Abayomi further revealed that 30 patients were currently being hospitalised for varying degrees of the disease at the Infectious Disease Hospital, IDH, Yaba, adding that about 579 suspected cases had been identified, 43 of whom were confirmed through laboratory analysis.
“Most of these deaths were caused by patients presenting very late at a stage where we could not resuscitate them because they had severe rehydration and many patients were actually brought in dead.
’Out of all the samples we were able to collect, we were able to identify Vibrio cholera. So this is indeed a confirmed case of a cholera outbreak by a subtype O1 that is known to us to be very contagious and to cause significant sickness in those that contract it”, he explained.
Speaking on cholera vaccine, the commissioner said the government had not included oral cholera vaccine in the routine national immunization programme.

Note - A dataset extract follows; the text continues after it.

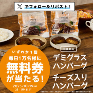 ローソン店頭で使える「デミグラスハンバーグ・チーズ入りハンバーグ」いずれか1個無料引換券が抽選で毎日1万名・合計5万名に当たります。

While acknowledging the effectiveness of the oral vaccine, the commissioner highlighted several factors for the decision.
He said: “Firstly, introducing a new vaccine requires careful consideration, especially in the current climate of vaccine sensitivity. Secondly, the low incidence of cholera cases in the country doesn’t justify a nationwide rollout.”
Abayomi emphasised that the situation would be different if cholera cases surged, adding that in such a scenario, immediate action would be taken, including importing vaccines.
He added that currently, a limited supply of the oral cholera vaccine was available in the private sector but not through public health facilities.
Prof. Abayomi said the discussions should be at the federal level to determine whether to integrate this vaccine into the national immunisation programme.
On efforts to halt the spread of the disease, the commissioner said the state government was in complete control, even as he disclosed that it was offering cholera treatment free of charge to any suspected cases.
He, therefore, urged patients who are having symptoms of cholera to rush to any public hospitals for treatment.
“The state government has also adopted one health approach to response as relevant ministries and agencies and departments of the Lagos State government, including health, environmental and water resources, education, information and strategy, physical planning and agriculture are working together to curb the outbreak, prevent future occurrence.